Takip etmeyenler için özetleyelim, bu şu demek:
Gül'ün "devam" mesajı vermesi, " Başbakan olmak istiyor " olarak algılandı ve AKP bu açıklamanın ardından olağanüstü kongre tarihini Gül'ün görev süresinin bitiminden bir gün önceye, yani 27 Ağustos'a aldı. Böylece Gül'ün genel başkan adayı olmasının önü kesildi.
AKP yetkilileri kongre tarihinin asla Gül'ün pozisyonunu düşünerek alınmadığını söyleseler de cin şişeden çıktı ve Cumhurbaşkanlığı seçiminin üzerinden 24 saat geçmeden ilk büyük krizin ayak sesleri duyuldu..
Bu durum ilginç bir durumdur ama Gül-Erdoğan savaşının başladığına inanıp erken sevinçlere kapılınmasının ne kadar mantıklı olduğundan emin değiliz.
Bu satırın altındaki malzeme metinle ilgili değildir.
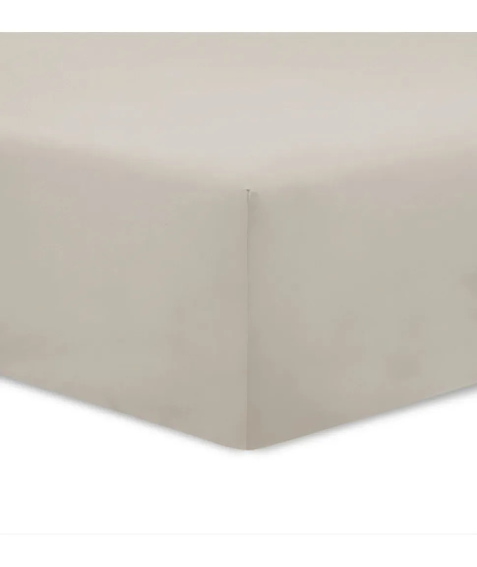 Drap housse – Composition : 100% coton – Dimensions : 140×190 cm – Tissage serré : 57 fils/cm² – Coloris : Mastic – Teinture réactive – Bonnets de 25 cm – Excellente résistance des couleurs au lavage – Certifié oekotex

Bir kere Gül, "Partimde devam edeceğim" sözünü "Genel Başkan adayıyım" anlamında değil, "öylesine" söylemiş olabilir. Ya da sırf kendisine bir dokunulmazlık zırhı ayarlanmasının pazarlığını yapıyor olabilir...
Neden?
Çünkü Gül, açık meydan okumaların, yüksek sesle savaş ilan etmelerin adamı değildir.
Sonra Gül, parti teşkilatlarının Erdoğan'a ne kadar bağlı olduğunu en iyi bilen kişilerden biri olarak bu şartlar altında genel başkan adayı olmanın ağır bir yenilgiye uğramak anlamına geldiğini bilmez mi?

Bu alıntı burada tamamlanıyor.